ASSIGNMENT: Word for word, restate the listing that follows and leave out the images.

DATA SHOWN:
——————————

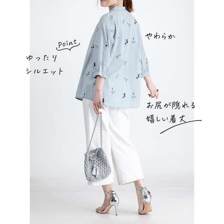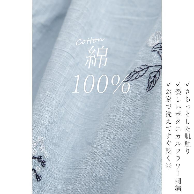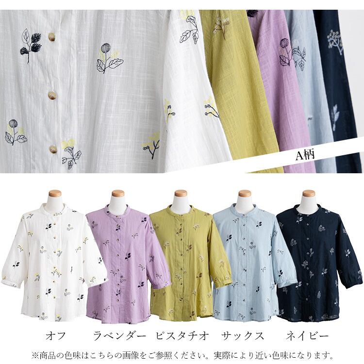 【綿100%】ナチュ可愛いボタニカル刺繍ブラウス 刺しゅう ボタニカル トップス レディース シャツ
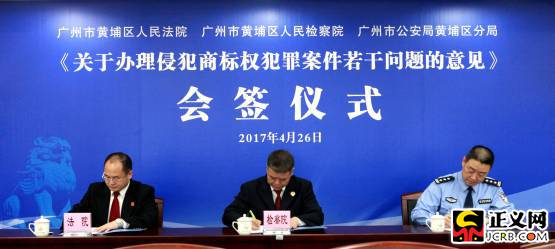 正義網(wǎng)廣州4月26日電(記者鐘亞雅 通訊員周園)今日是世界知識(shí)產(chǎn)權(quán)日,(2017年4月26日)上午,廣州市黃埔區(qū)人民法院、廣州市黃埔區(qū)人民檢察院、廣州市公安局黃埔區(qū)分局《關(guān)于辦理侵犯商標(biāo)權(quán)犯罪案件若干問題的意見》(以下簡(jiǎn)稱《意見》)聯(lián)簽儀式在廣州市黃埔區(qū)人民檢察院舉行。該意見將在三單位聯(lián)簽后正式印發(fā),并指導(dǎo)一線公檢法辦案干警的實(shí)際工作。
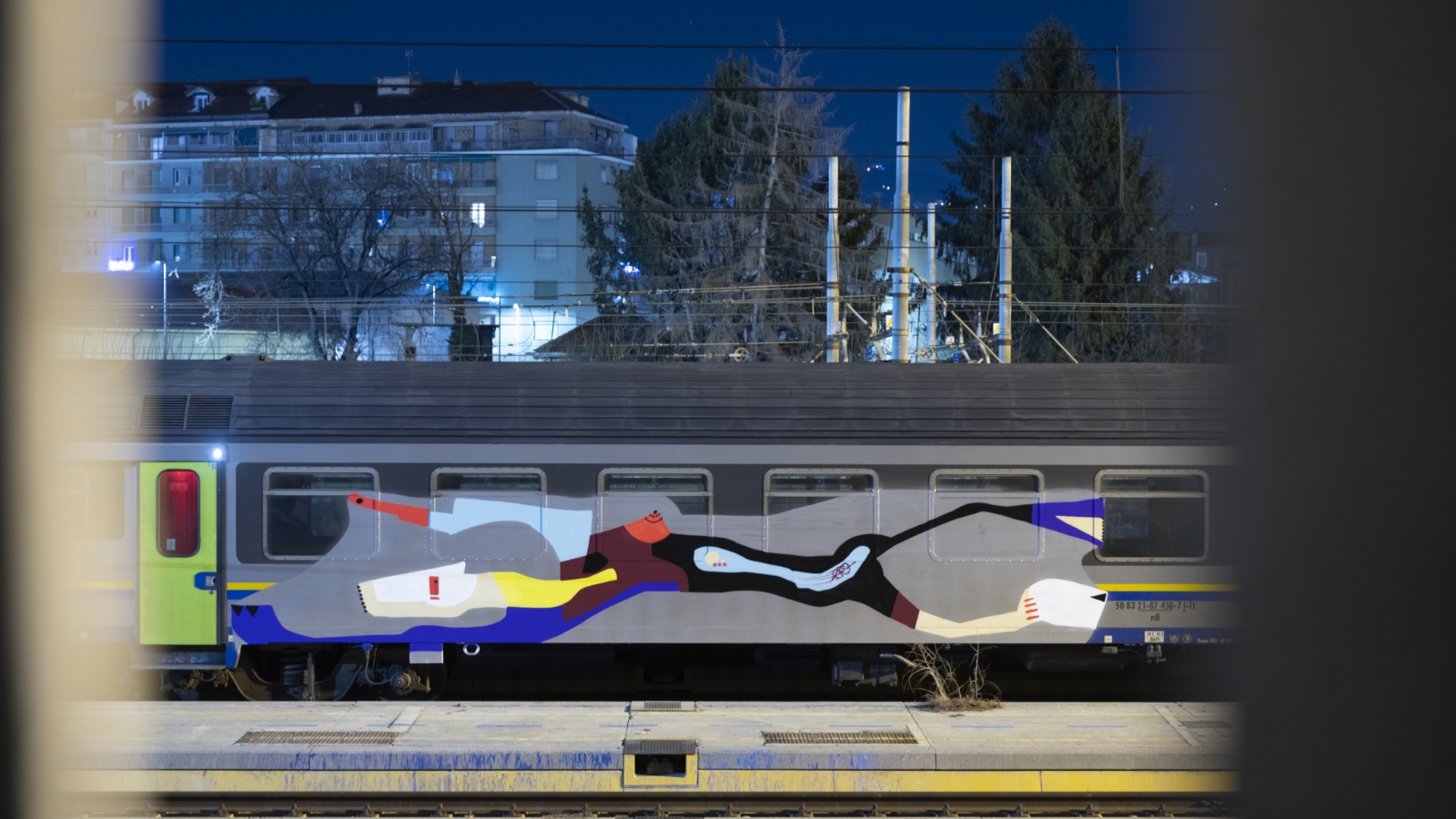 Nel momento in cui scatto la fotografia il treno è già pulito nella mia mente: le imprese di pulizie interverranno per realizzare il futuro a cui i miei dipinti erano destinati.

——————————

SOLVED EXERCISE:
 【綿100%】ナチュ可愛いボタニカル刺繍ブラウス 刺しゅう ボタニカル トップス レディース シャツ
 正義網(wǎng)廣州4月26日電(記者鐘亞雅 通訊員周園)今日是世界知識(shí)產(chǎn)權(quán)日,(2017年4月26日)上午,廣州市黃埔區(qū)人民法院、廣州市黃埔區(qū)人民檢察院、廣州市公安局黃埔區(qū)分局《關(guān)于辦理侵犯商標(biāo)權(quán)犯罪案件若干問題的意見》(以下簡(jiǎn)稱《意見》)聯(lián)簽儀式在廣州市黃埔區(qū)人民檢察院舉行。該意見將在三單位聯(lián)簽后正式印發(fā),并指導(dǎo)一線公檢法辦案干警的實(shí)際工作。
 Nel momento in cui scatto la fotografia il treno è già pulito nella mia mente: le imprese di pulizie interverranno per realizzare il futuro a cui i miei dipinti erano destinati.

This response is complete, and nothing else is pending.